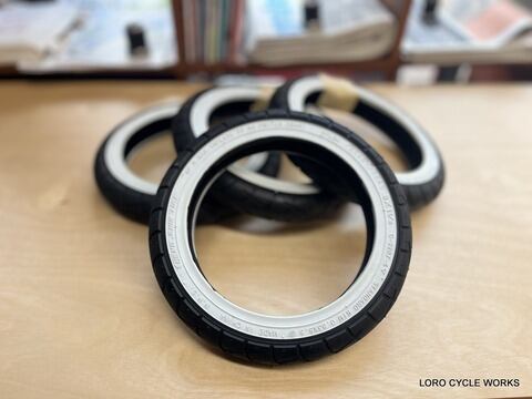 キャリーミーのホワイトリボンタイヤです。 SEic用ではありますが、もちろん従来のCARRY MEにも装着可能。 サイズ表記は8x1-1/4 空気圧は90PSI(6.2bar)です。
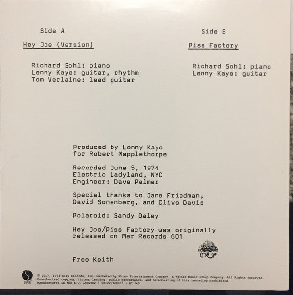 Patti Smith - Hey Joe Version / Piss Factory Rsd 2017
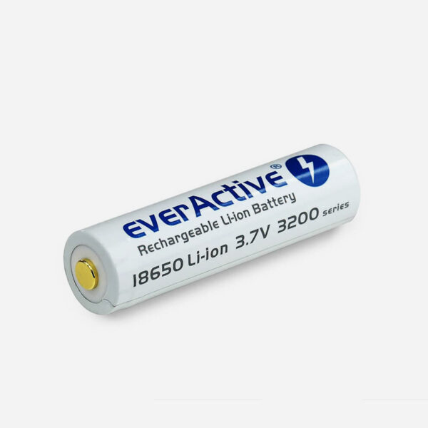Зарядна литиево-йонна батерия 18650 на EverActive с капацитет 3200mAH и зареждане чрез micro USB. Предназначен за употреба с LED фенери и други устройства, където е необходимо предпазване от неволно окъсяване, разряд с прекалено голям ток или до прекалено ниско напрежение. Уникалната функция на този продукт, че можете да го зареждате и без самостоятелно зарядно устройство — необходимо е само да имате на разположение стандартен USB порт или USB захранващ адаптер с microUSB накрайник. Акумулаторът може да подава до 7A ток в постоянен режим, или 12A в импулсен режим за случаите, в които е необходима увеличена мощност за кратки периоди от време (например, когато използвате максималния режим на силен LED фенер).
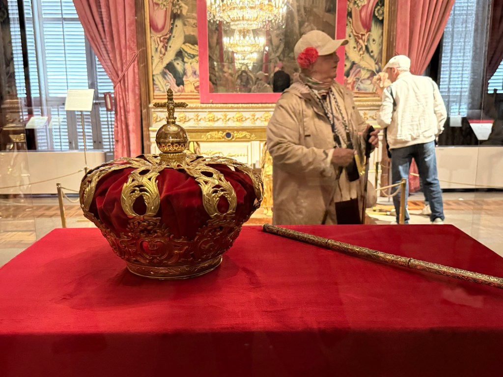 We then visited the room housing the crown and regalia. Spain’s crown is symbolic—never worn—and accompanied by the scepter and ceremonial sword. The Spanish crown weighs about 2 kilograms (4.4 pounds). It’s gold-plated silver with crimson velvet, but it’s never worn—only displayed during official ceremonies.
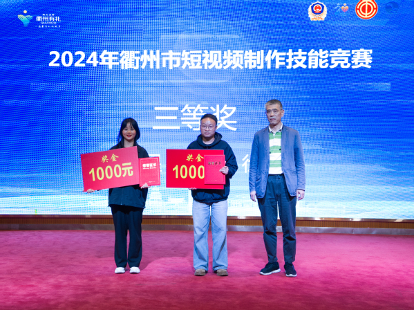 当天下午,在我校图书馆1号报告厅举办颁奖仪式。衢州市市场监督管理局党委书记、局长毛霄云,党委副书记、副局长樊勇军,衢州市总工会党组成员、副主席杨川丹,衢州市人力社保局四级调研员黄祖愿,我校党委委员、副校长徐浪静为获奖选手颁奖。
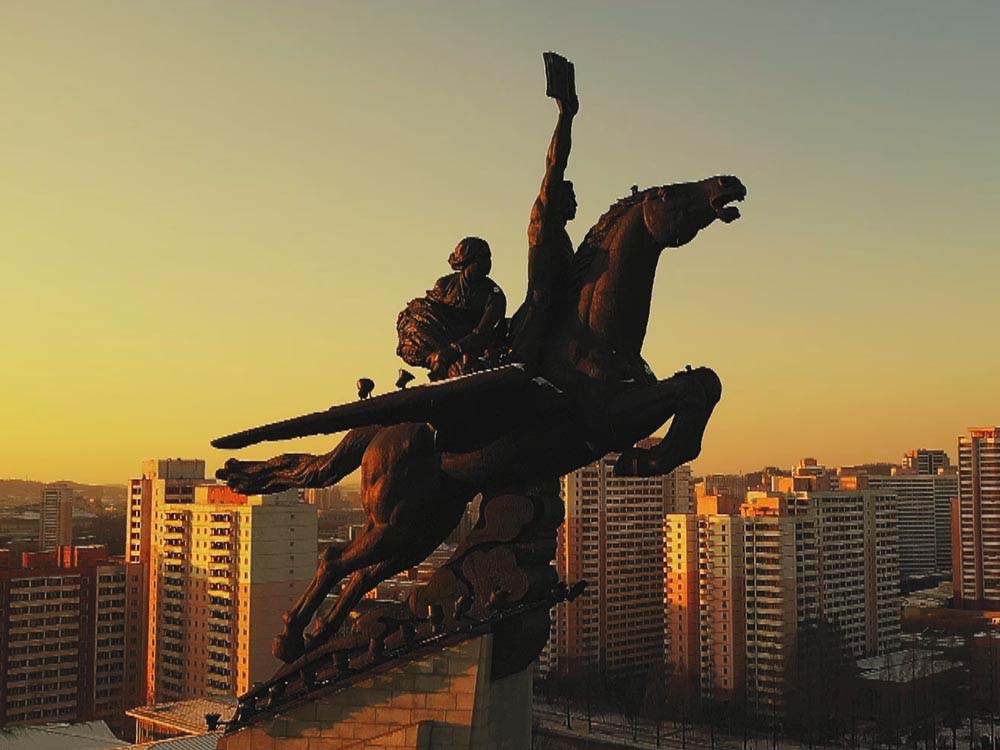 ピョンヤンの都心にチョンリマ銅像があります。チュチェ50(1961)年4月15日に除幕しました。チョンリマ銅像は、共和国の発展の歴史に1ページを添えたチョンリマ時代を象徴する記念碑です。
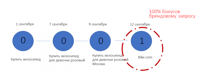 - Ну и наконец, 12 сентября он, побывав уже три раза на вашем сайте, вводит брендовый запрос bike.com и совершает покупку на вашем сайте.

== WHAT IS BEING ASKED ==
A faithful copy of all the lines above is needed, with the pictures omitted.

== EXERCISE SOLUTION ==
 キャリーミーのホワイトリボンタイヤです。 SEic用ではありますが、もちろん従来のCARRY MEにも装着可能。 サイズ表記は8x1-1/4 空気圧は90PSI(6.2bar)です。
 Patti Smith - Hey Joe Version / Piss Factory Rsd 2017
Зарядна литиево-йонна батерия 18650 на EverActive с капацитет 3200mAH и зареждане чрез micro USB. Предназначен за употреба с LED фенери и други устройства, където е необходимо предпазване от неволно окъсяване, разряд с прекалено голям ток или до прекалено ниско напрежение. Уникалната функция на този продукт, че можете да го зареждате и без самостоятелно зарядно устройство — необходимо е само да имате на разположение стандартен USB порт или USB захранващ адаптер с microUSB накрайник. Акумулаторът може да подава до 7A ток в постоянен режим, или 12A в импулсен режим за случаите, в които е необходима увеличена мощност за кратки периоди от време (например, когато използвате максималния режим на силен LED фенер).
 We then visited the room housing the crown and regalia. Spain’s crown is symbolic—never worn—and accompanied by the scepter and ceremonial sword. The Spanish crown weighs about 2 kilograms (4.4 pounds). It’s gold-plated silver with crimson velvet, but it’s never worn—only displayed during official ceremonies.
 当天下午,在我校图书馆1号报告厅举办颁奖仪式。衢州市市场监督管理局党委书记、局长毛霄云,党委副书记、副局长樊勇军,衢州市总工会党组成员、副主席杨川丹,衢州市人力社保局四级调研员黄祖愿,我校党委委员、副校长徐浪静为获奖选手颁奖。
 ピョンヤンの都心にチョンリマ銅像があります。チュチェ50(1961)年4月15日に除幕しました。チョンリマ銅像は、共和国の発展の歴史に1ページを添えたチョンリマ時代を象徴する記念碑です。
 - Ну и наконец, 12 сентября он, побывав уже три раза на вашем сайте, вводит брендовый запрос bike.com и совершает покупку на вашем сайте.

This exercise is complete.